Tall Dark DefenderFollowing her divorce from her abusive husband, Annie Compton is struggling to make ends meet as a waitress at a diner. When she is attacked late one night while making a mysterious delivery for her boss, Jonah Devereaux comes to her rescue.

Ex-cop Jonah has been working undercover to bust a gambling ring and money laundering operation for months, and Annie has stumbled unwittingly into the thugs line of fire. For Annie's safety, Jonah, a sparrer and hand-to-hand combat expert, offers to teach her self-defense, but as the stakes rise, he realizes the young mother needs his full-time protection. Jonah, with his fighting skills, is the last person Annie wants in her post-abuse life. But Jonah's gentle ways and warm touch make battling her attraction to her defender the most difficult fight of all.   

Awards and Honors

Winner! -- 2010 Gayle Wilson Award of Excellence - Romantic Suspense


  

"This book was very enjoyable. While it could have been easy for it to become another book where the man protecting woman premise becomes predictable, this one was different.  This was an enjoyable, quick read which I highly recommend." -- Wendy, Once Upon a Romance

"Cornelison handles a tough subject in a sensitive manner and creates a touching story as two damaged souls find each other and feel fortunate to be able to make a fresh start." -- Sandra Garcia-Myers, RT Book Club


Chapter One

The lights weren't supposed to be off.

Annie Compton fumbled in the pre-dawn darkness to jab her key in the lock at Pop's Diner. Her boss, Peter Hardin, was supposed to have left the outside light on to deter burglars and to illuminate the front door for the employee who opened the diner in the morning. Today, Annie was said employee with the unenviable responsibility of showing up at five a.m.

She grumbled under her breath as she groped on the shadowed door to locate the lock's slot. The door moved unexpectedly, just a fraction of an inch, but enough to catch Annie's attention. A bolted door shouldn't have wiggled that much.

Annie pulled the handle, and the heavy glass door swung open. Her pulse spiked.

The diner had been unlocked all night. So... turning on the front light wasn't all her boss had neglected when he closed the restaurant last night.

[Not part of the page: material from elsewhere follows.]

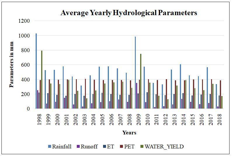 SWAT modelling for flow, sediments and nutrients have been performedsoastoattainthepollutantsdetailsusing land use and soil distribution data for a watershed as a result of which the pollutant sources that exists involve dairy manure application fields, wastewater treatment plants, croplands, and urban areas. In the Doni Basin the Average Monthly and Yearly Hydrological and Nutrient parameters like Runoff, Lateral Flow, Water Yield, Evapotranspiration,PET,Sedimentyield,TotalNitrateand Total Phosphorus are obtained by model. The basin average hydrological parameters and values for the 20 yearsthatisfrom1998to2018areshowinTable4.

Gritting her teeth, she entered the diner and flipped on the overhead lights. The cold bluish-white glow of the florescent bulbs flooded the dining room.

"Hello? Mr. Hardin?" She scanned the empty restaurant cautiously. Listened. Waited. "Is anyone here?"

When she heard nothing, saw no one, she released the breath she held and crossed the floor. Annie stashed her purse behind the lunch counter, wishing she could call grouchy Mr. Hardin on the carpet for his gaffs. Considering her boss had only picky criticism for her waitressing skills, she figured turnabout was fair play.

She huffed a humorless laugh as she plucked out a coffee filter and dropped it in the brewing basket. The man had left the diner unlocked, for crying out loud! Compared to exposing the restaurant to theft, her forgetting to refill the salt shakers was nothing.

Problem was, neglected the salt shakers wasn't her worst mistake. Her gut clenching, she poured a carafe of water into the coffee maker and bit her bottom lip. She'd made her most careless error just a few nights before– a screwup that Hardin claimed had cost him two hundred thousand dollars.

Annie's hands shook as she measured out the coffee grinds. She could never make up for losing Mr. Hardin so much money. She was lucky she still had her job, lucky he hadn't torn into her the way Walt would have.

Thoughts of her abusive ex-husband sent a shiver down her back. She chafed the goose bumps on her arms and squared her shoulders.  Never again.

If she had to work this dead end waitressing job the rest of her life, barely making ends meet for her and her two young children, the price was worth her freedom from her abusive marriage. No man would ever hurt her or her children again.

Annie jabbed the power switch, and with a hiss and the waft of rich aroma, the morning java began dripping into the pot.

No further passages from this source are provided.